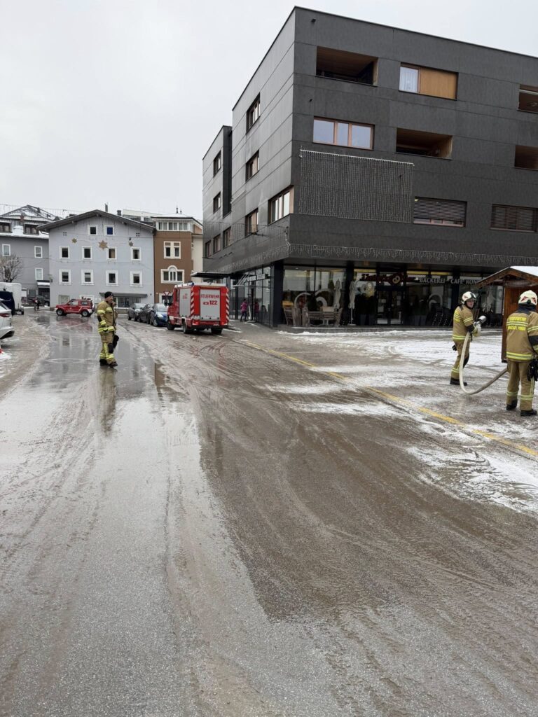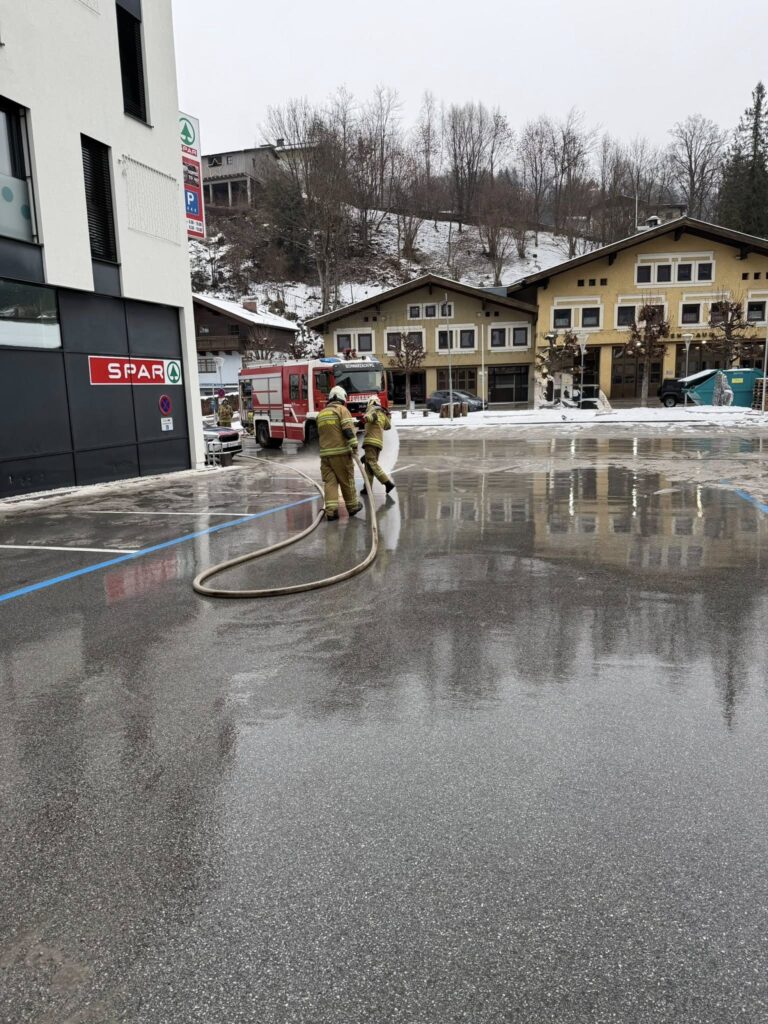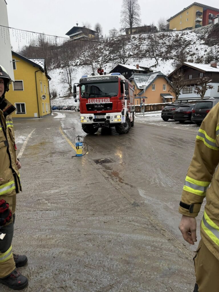 Über Piepseralarm wurde die Feuerwehr um 09:14 Uhr zu einem Öleinsatz im Markt alarmiert. Unverzüglich rückte die Feuerwehr mit KDTFA, VRFA und RLFA zum Einsatz aus. Vor Ort stellte der Einsatzleiter eine großflächige Ölverunreinigung fest. Als erste Einsatzmaßnahme wurde der gesamte Marktbereich und der Parkplatz abgesperrt. Nach Rücksprache mit dem Katastrophenschutzreferenten der BH St. Johann wurde auf der gesamten Fläche Ölbindemittel aufgebracht und danach der gesamte verunreinigte Platz anschließend mit Wasser gereinigt. Der Einsatzleiter alarmierte den Streuwagen des Bauhofes der Marktgemeinde Schwarzach, damit nach Abschluss der Reinigungsarbeiten, aufgrund der niedrigen Temperaturen, die Fahrbahn mit Split abgestreut werden konnte. Nach Beendigung der Arbeiten wurde die Sperre aufgehoben und der Einsatzleiter konnte den Einsatz nach Wiederherstellung der Einsatzbereitschaft abschließen.
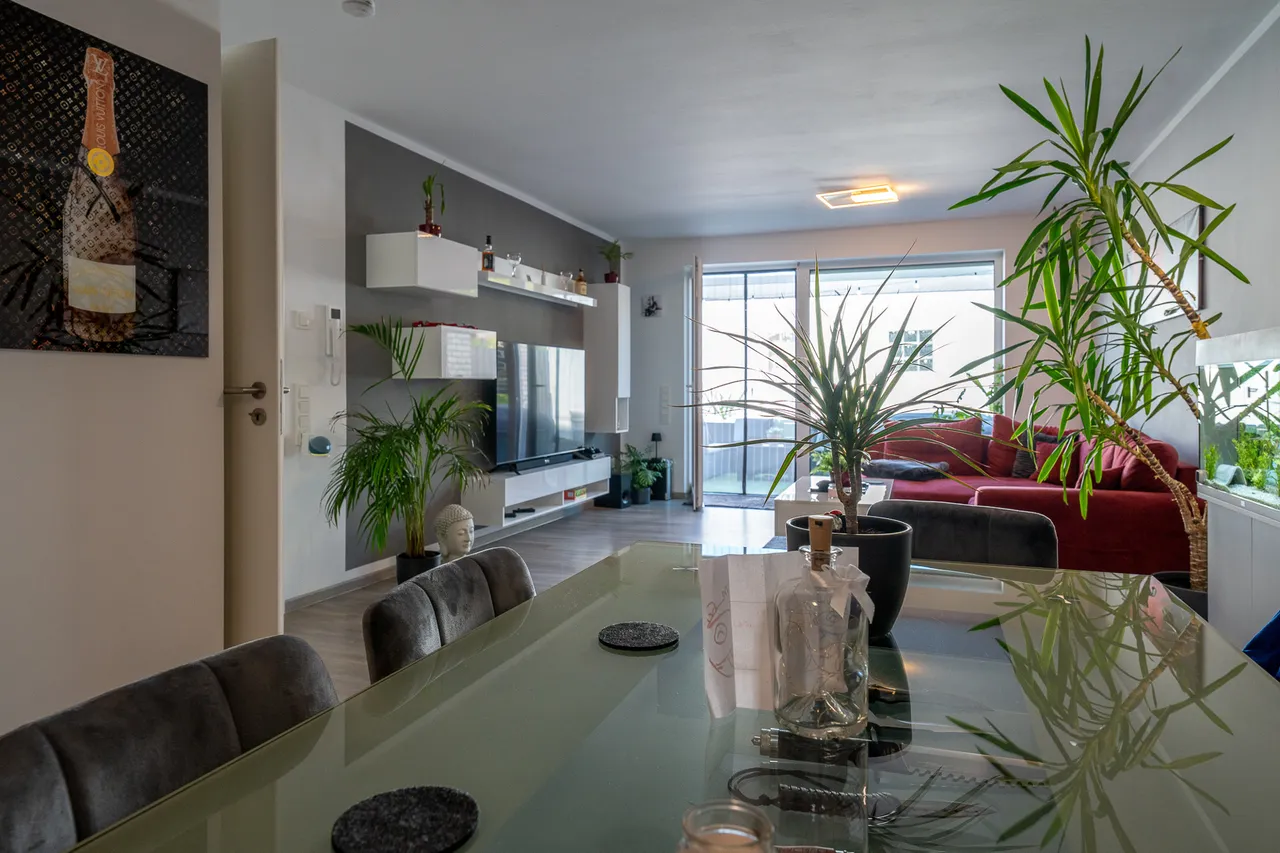 Stellen Sie sich vor, Sie betreten eine frisch erbaute Erdgeschosswohnung aus dem Jahr 2021, die modernes Wohnen mit höchstem Komfort verbindet. Auf rund 68 m² entfaltet sich ein lichtdurchfluteter, offener Wohn-, Ess- und Kochbereich, der mit seinen großen Kunststofffenstern und elektrisch bedienbaren Rollläden nicht nur für Helligkeit sorgt, sondern Ihnen auch jederzeit Privatsphäre garantiert. Von hier aus treten Sie direkt auf Ihre eigene, ruhige Terrasse – ein kleines Paradies zum Entspannen, Frühstücken oder für gesellige Abende mit Freunden, ganz geschützt zum Innenhof ausgerichtet.
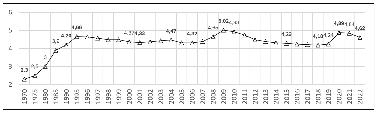 From 1995 to 2006 (4.32%) the previous trend was broken and public spending decreased with slight variations; it recovered between 2006 and 2009 (5.02%), the historical maximum. It decreased again until 2018 (4.18%), grew until 2020 (4.89%), second maximum, to finally drop again to 4.62% in 2022 (MEFP Educa base (2024b). Political changes in the responsibility for education and the economic and COVID crises probably explain these rises and falls since 1995, which leave the final figure in 2022 equal to that of 1995 after these 27 years have elapsed (MEFPD Educa base, 2024b).
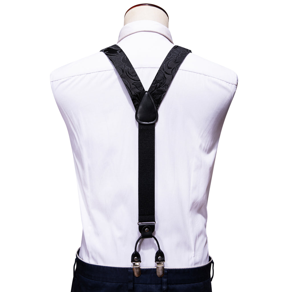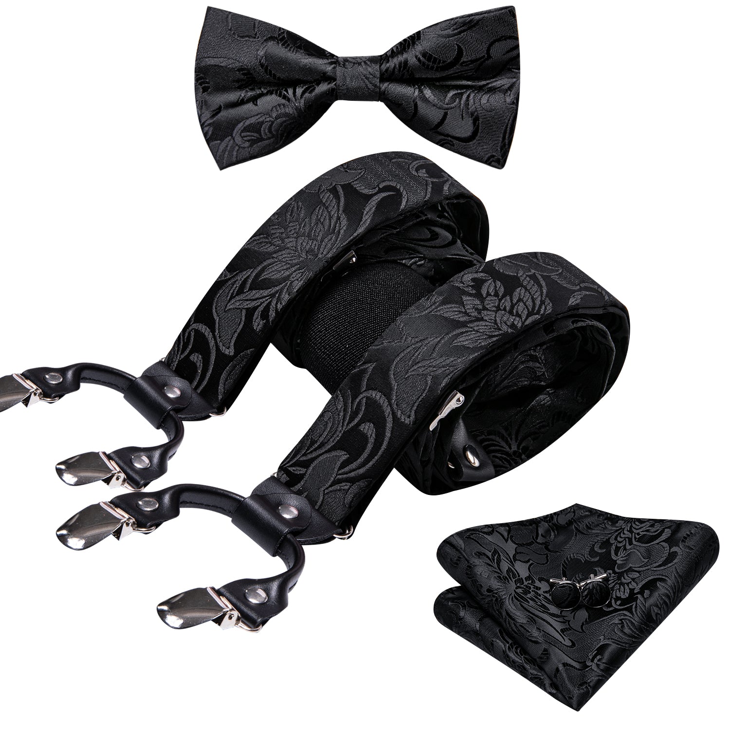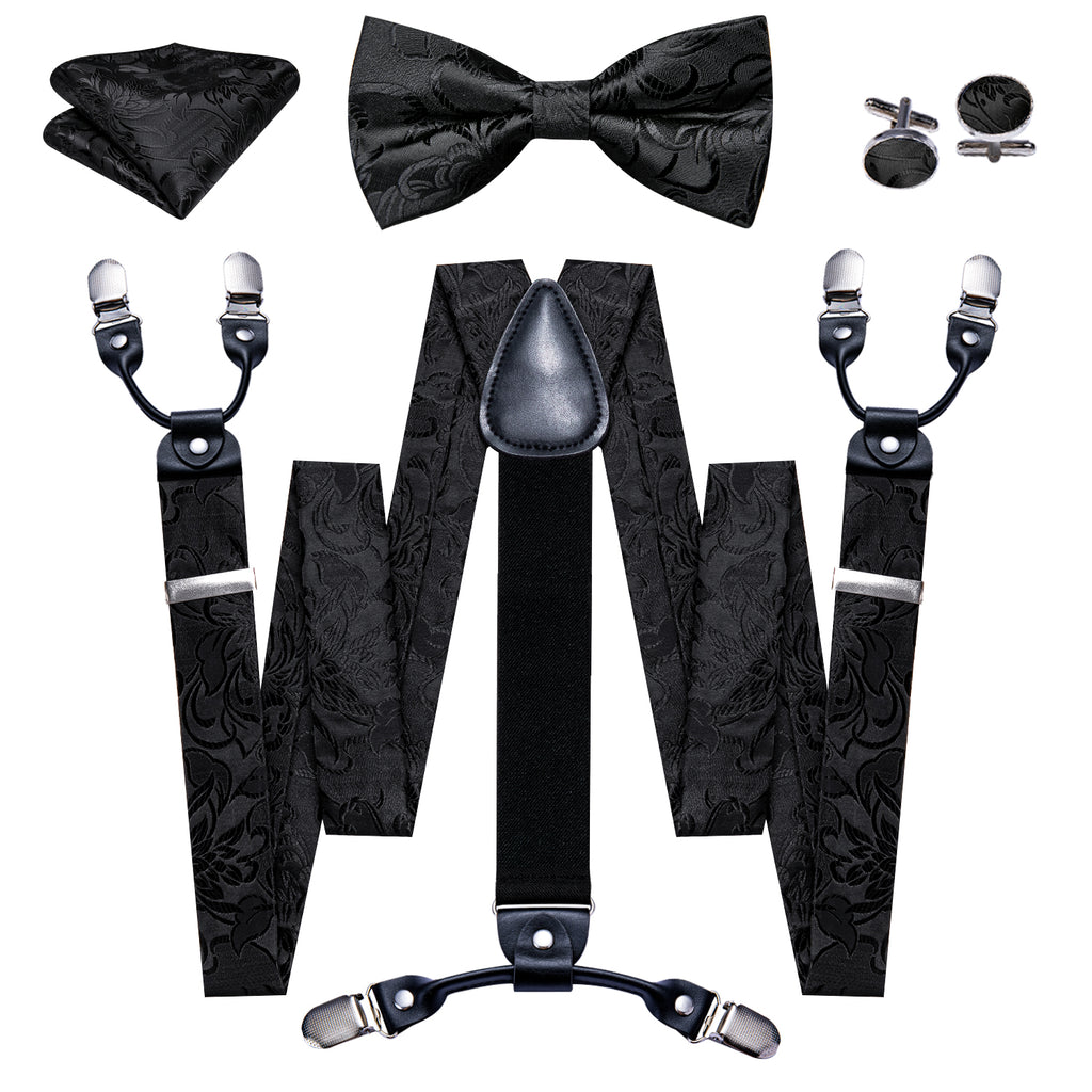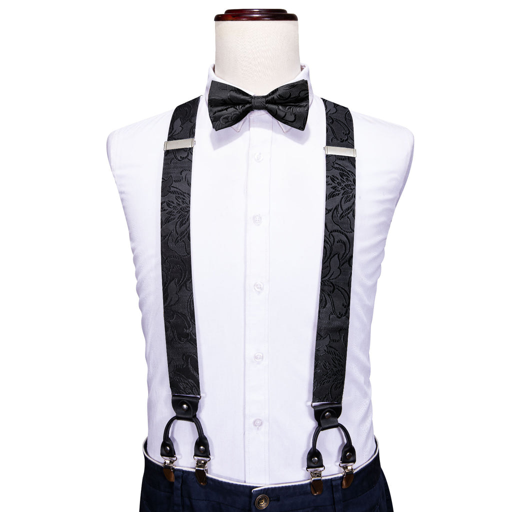 Barry. Wang Black Paisley Mens Y Back Adjustable Bow Tie Suspenders Set
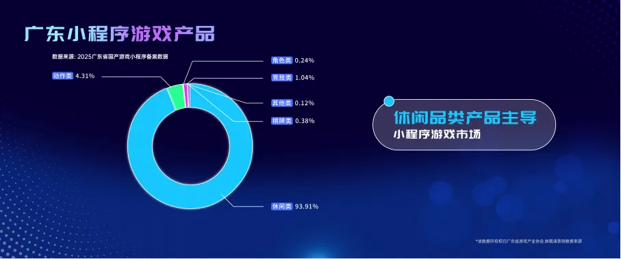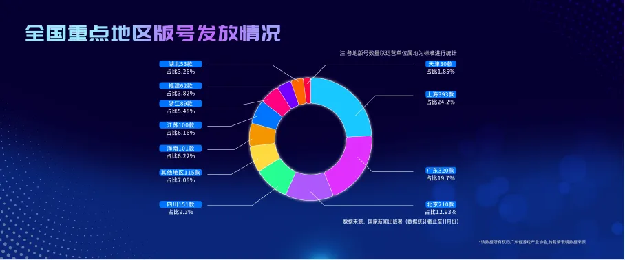 报告显示,2025年全球游戏市场营收规模1888亿美元,同比增长3.4%。目前移动端游戏仍然占全球游戏市场最大份额。2025年中国游戏用户规模创下6.83亿的新高,同比增长1.35%,达到历史新高点。2025年广东游戏营收规模2836.13亿元,同比增长8.9%,增速较去年有所增加。2025年广东省移动游戏营收规模2116.32亿元,较2024年上涨7.55%.2025年广东客户端游戏营收规模达696.55亿元,同比增长15.78%。2025年广东小程序游戏营收规模达370.46亿元,同比增长40.9%。除了游戏营收之外,《报告》还分析了过去一年的产业热点,如全球产品力突破、政策引领、技术赋能、社会认知、产业协同以及情感认同消费等。2025年,截止到11月,全国重点地区版号发放情况如下,数量最多的是上海393款、占比24.2%,其次是广东320款、占比19.7%;再者是北京210款、占比12.93%。之后是四川151款、占比9.33%;海南101款、占比6.22%;江苏100款、占比6.16%;浙江89款、占比5.48%;福建62款、占比3.82%;湖北53款、占比3.26%;天津30款、占比1.85%;最后是其他地区115款,占比7.08%。根据2025年1月至11月的榜单数据,国内移动游戏收入TOP100榜单中,广东有61款产品上榜,产品收入占比高达75.74%。在国内移动端新游收入TOP30榜单中,广东有12款产品上榜,产品收入占比达84.73%。从品类分布来看,2025年广东移动游戏产品中占比最高的是角色扮演类,占比35%,其次是休闲类,占比24%,再者是策略类,占比11%、模拟类占比10%、动作类占比8%、射击类占比5%、运动类占比4%、赛车类占比2%和音乐类占比1%。根据微信平台小游戏品类分布情况来看,2025年,广东小游戏产品以休闲游戏品类为主导,占比93.91%。其次是动作、竞技、棋牌,占比分别4.31%、1.04%、0.38%。小程序游戏畅销榜TOP30中,七款来自广州的产品入榜,分别是《寻道大千》《青云诀之伏魔》《主宰世界》《这城有良田》《时光杂货铺》《时光大爆炸》《英雄没有闪》。另外入榜的七款游戏则来自深圳:《向僵尸开炮》《百炼英雄》《神器传说》《腾讯欢乐斗地主》《保卫向日葵》《武侠大明星》《欢乐战三国》。游戏企业的上市情况。这个上市企业包含了新三板的上市企业,广东总共有27家,主要是集中在广州和深圳,其次是北京,有22家。福建有14家,排在第三,上海和浙江分别有10家。广东的27家游戏上市企业里港股有13家,A股有9家,美股有2家,新三板有3家,这个就是目前广东游戏上市企业的基本情况。
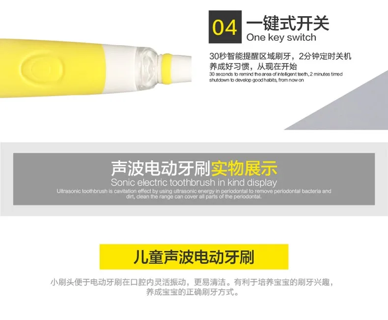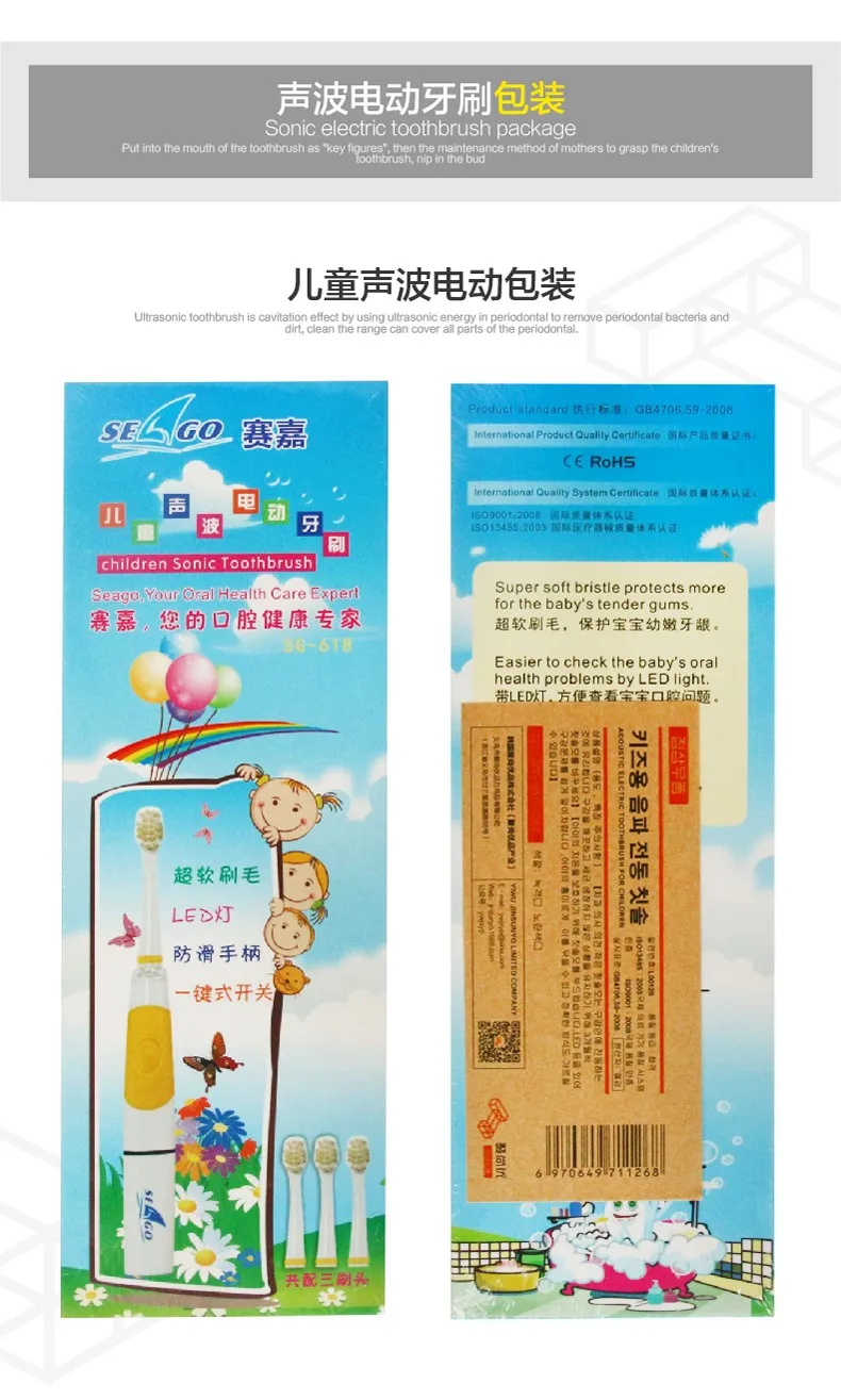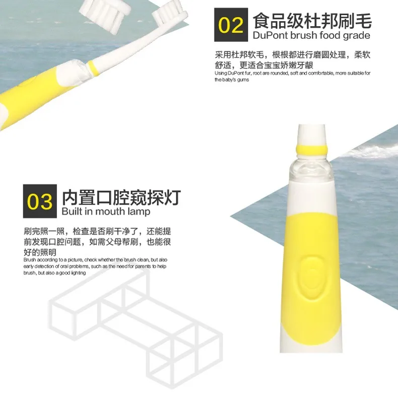 L00126 2017 Newest Design 3 Cleaning Modes White Clean Sensitive Sonic Electric Toothbrush for Kids
□ □ □ □ □
PROBLEM DETAILS: From the first line of the entries above down to the line holding "Stellen Sie sich", quote each line exactly and nothing else, skipping pictures.

EXPECTED ANSWER:
 Über Piepseralarm wurde die Feuerwehr um 09:14 Uhr zu einem Öleinsatz im Markt alarmiert. Unverzüglich rückte die Feuerwehr mit KDTFA, VRFA und RLFA zum Einsatz aus. Vor Ort stellte der Einsatzleiter eine großflächige Ölverunreinigung fest. Als erste Einsatzmaßnahme wurde der gesamte Marktbereich und der Parkplatz abgesperrt. Nach Rücksprache mit dem Katastrophenschutzreferenten der BH St. Johann wurde auf der gesamten Fläche Ölbindemittel aufgebracht und danach der gesamte verunreinigte Platz anschließend mit Wasser gereinigt. Der Einsatzleiter alarmierte den Streuwagen des Bauhofes der Marktgemeinde Schwarzach, damit nach Abschluss der Reinigungsarbeiten, aufgrund der niedrigen Temperaturen, die Fahrbahn mit Split abgestreut werden konnte. Nach Beendigung der Arbeiten wurde die Sperre aufgehoben und der Einsatzleiter konnte den Einsatz nach Wiederherstellung der Einsatzbereitschaft abschließen.
 Stellen Sie sich vor, Sie betreten eine frisch erbaute Erdgeschosswohnung aus dem Jahr 2021, die modernes Wohnen mit höchstem Komfort verbindet. Auf rund 68 m² entfaltet sich ein lichtdurchfluteter, offener Wohn-, Ess- und Kochbereich, der mit seinen großen Kunststofffenstern und elektrisch bedienbaren Rollläden nicht nur für Helligkeit sorgt, sondern Ihnen auch jederzeit Privatsphäre garantiert. Von hier aus treten Sie direkt auf Ihre eigene, ruhige Terrasse – ein kleines Paradies zum Entspannen, Frühstücken oder für gesellige Abende mit Freunden, ganz geschützt zum Innenhof ausgerichtet.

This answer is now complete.